*** Opening Data records ***

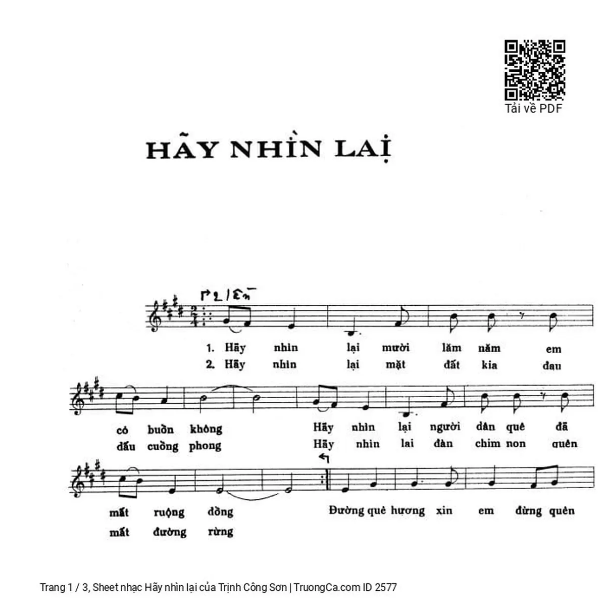 Trịnh Công Sơn Hãy nhìn lại mười lăm năm em có buồn không [PDF] [Sheet] [Lời H.A] [Mp4/Midi]
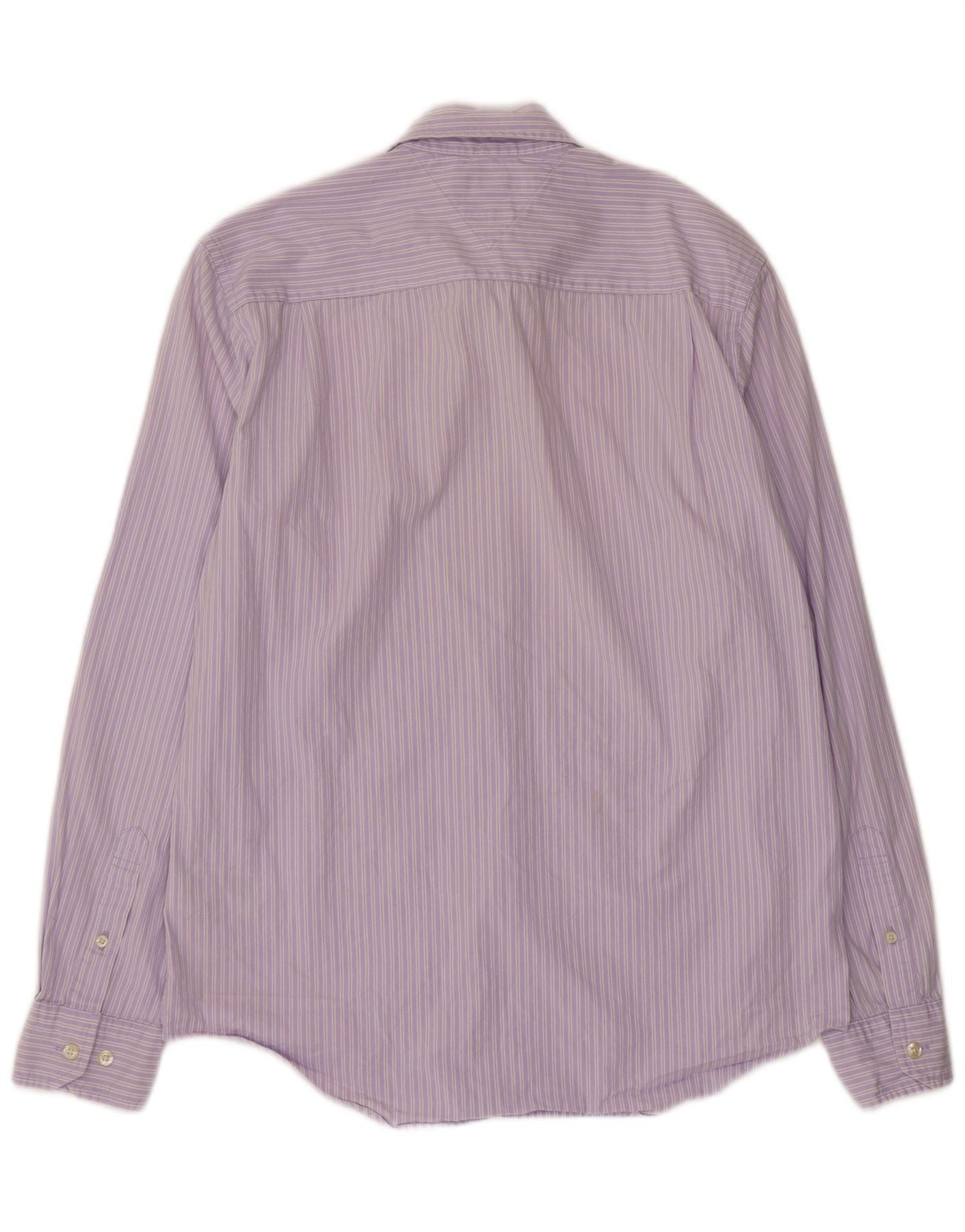 Tommy Hilfiger Мужская рубашка на заказ из хлопка в фиолетовую полоску среднего размера
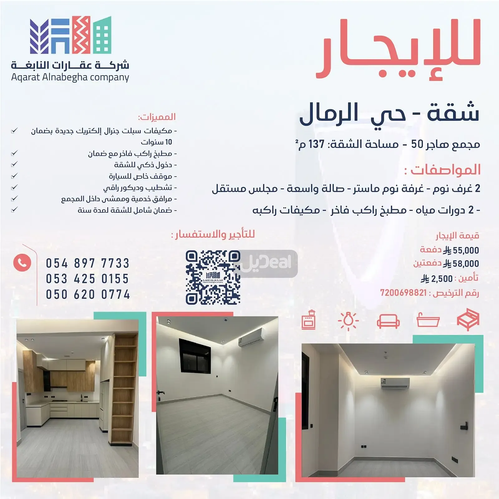 شقة للإيجار - الرياض / حي الرمال (مجمع هاجر 50) | Apartment for Rent – Riyadh / Al Rimal District (Hajar 50 Compound)
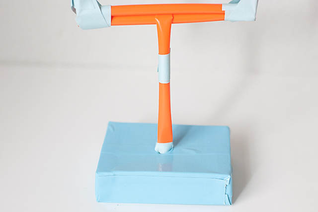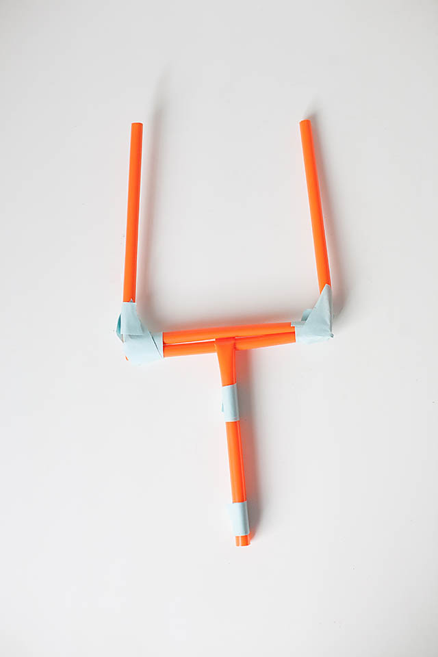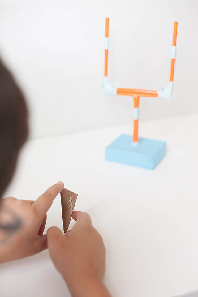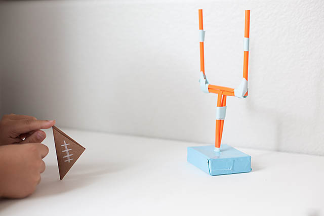 Fold your straws to create the “u” shape of the field goal posts and tape into position. We used colored washi tape for fun. You can use your team’s colors to make yours!
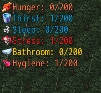 - Visual HUD (PRO Only): A customizable on-screen interface that shows the status of all needs with icons and colored text. Can be toggled by the player.
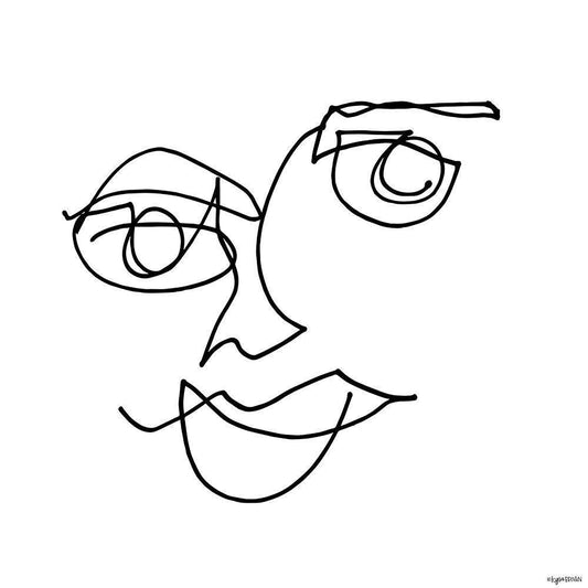 Line Face White Modern Wood Framed Art Print with Double Matting by Brown, Kyra
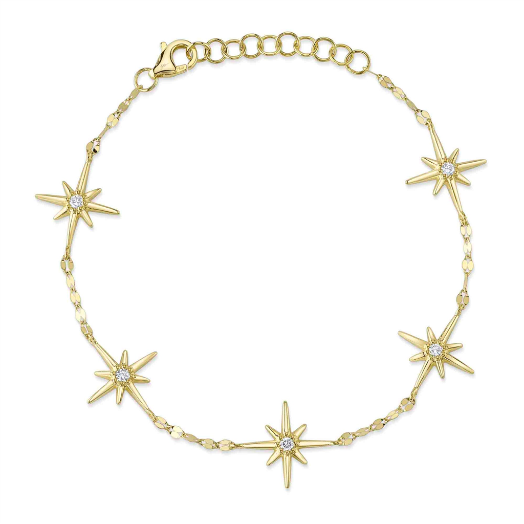 Shy 14k Yellow Gold 5 Station Diamond North Star Bracele.
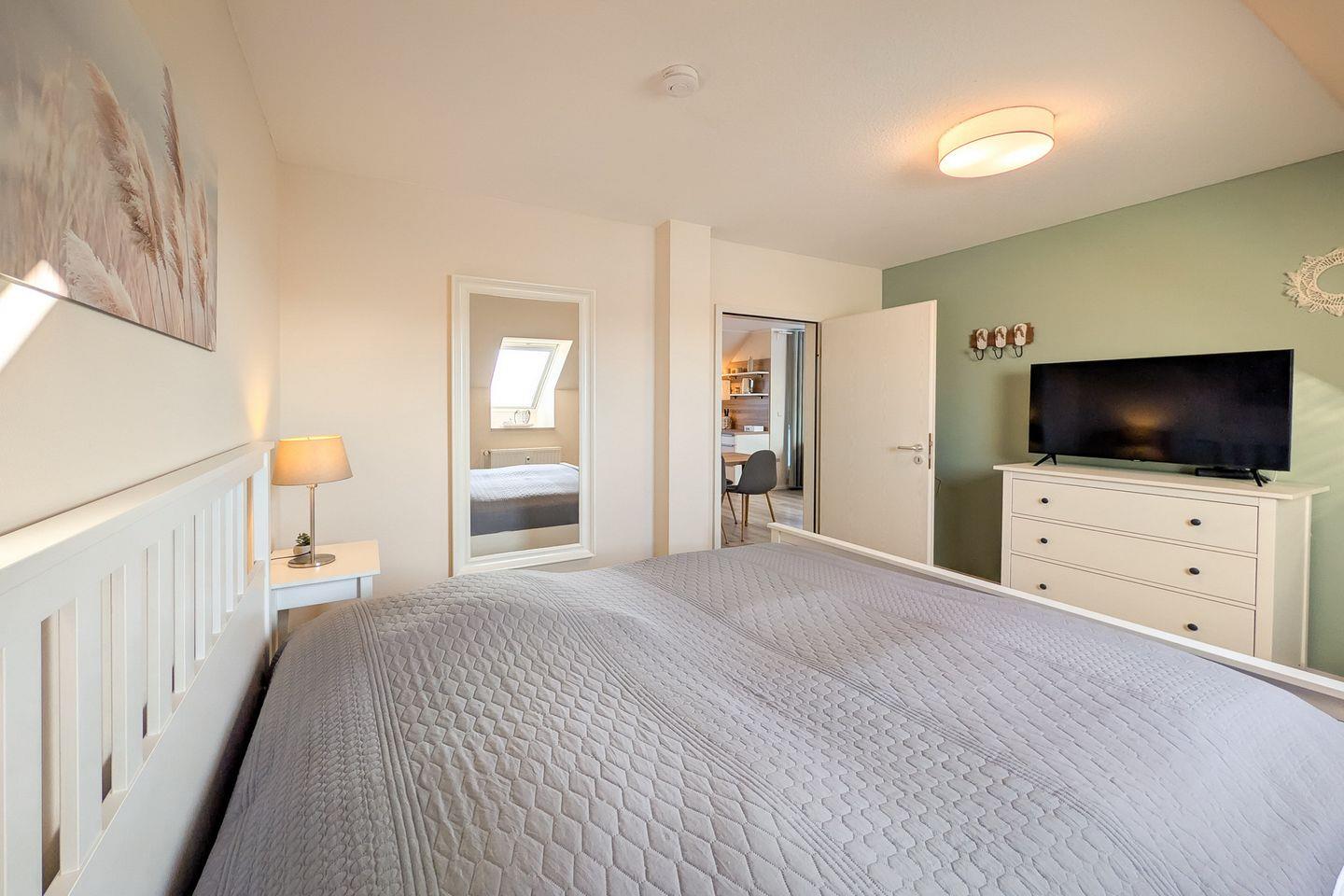 Optimalen Schlafkomfort bietet das große Doppelbett (2 x 90 x 200 cm) im Schlafzimmer. Viel Platz für deine Urlaubsgarderobe bietet der Kleiderschrank. Auch ein zweiter Flachbildfernseher befindet sich hier. Die gesamte Wohnung ist mit hochwertigem Designbodenbelag ausgelegt.

*** Closing Data records ***

◆ What you are asked to do
Without changing a word, transcribe all of the data and omit its images.

◆ Task solution
 Trịnh Công Sơn Hãy nhìn lại mười lăm năm em có buồn không [PDF] [Sheet] [Lời H.A] [Mp4/Midi]
 Tommy Hilfiger Мужская рубашка на заказ из хлопка в фиолетовую полоску среднего размера
 شقة للإيجار - الرياض / حي الرمال (مجمع هاجر 50) | Apartment for Rent – Riyadh / Al Rimal District (Hajar 50 Compound)
 Fold your straws to create the “u” shape of the field goal posts and tape into position. We used colored washi tape for fun. You can use your team’s colors to make yours!
 - Visual HUD (PRO Only): A customizable on-screen interface that shows the status of all needs with icons and colored text. Can be toggled by the player.
 Line Face White Modern Wood Framed Art Print with Double Matting by Brown, Kyra
 Shy 14k Yellow Gold 5 Station Diamond North Star Bracele.
 Optimalen Schlafkomfort bietet das große Doppelbett (2 x 90 x 200 cm) im Schlafzimmer. Viel Platz für deine Urlaubsgarderobe bietet der Kleiderschrank. Auch ein zweiter Flachbildfernseher befindet sich hier. Die gesamte Wohnung ist mit hochwertigem Designbodenbelag ausgelegt.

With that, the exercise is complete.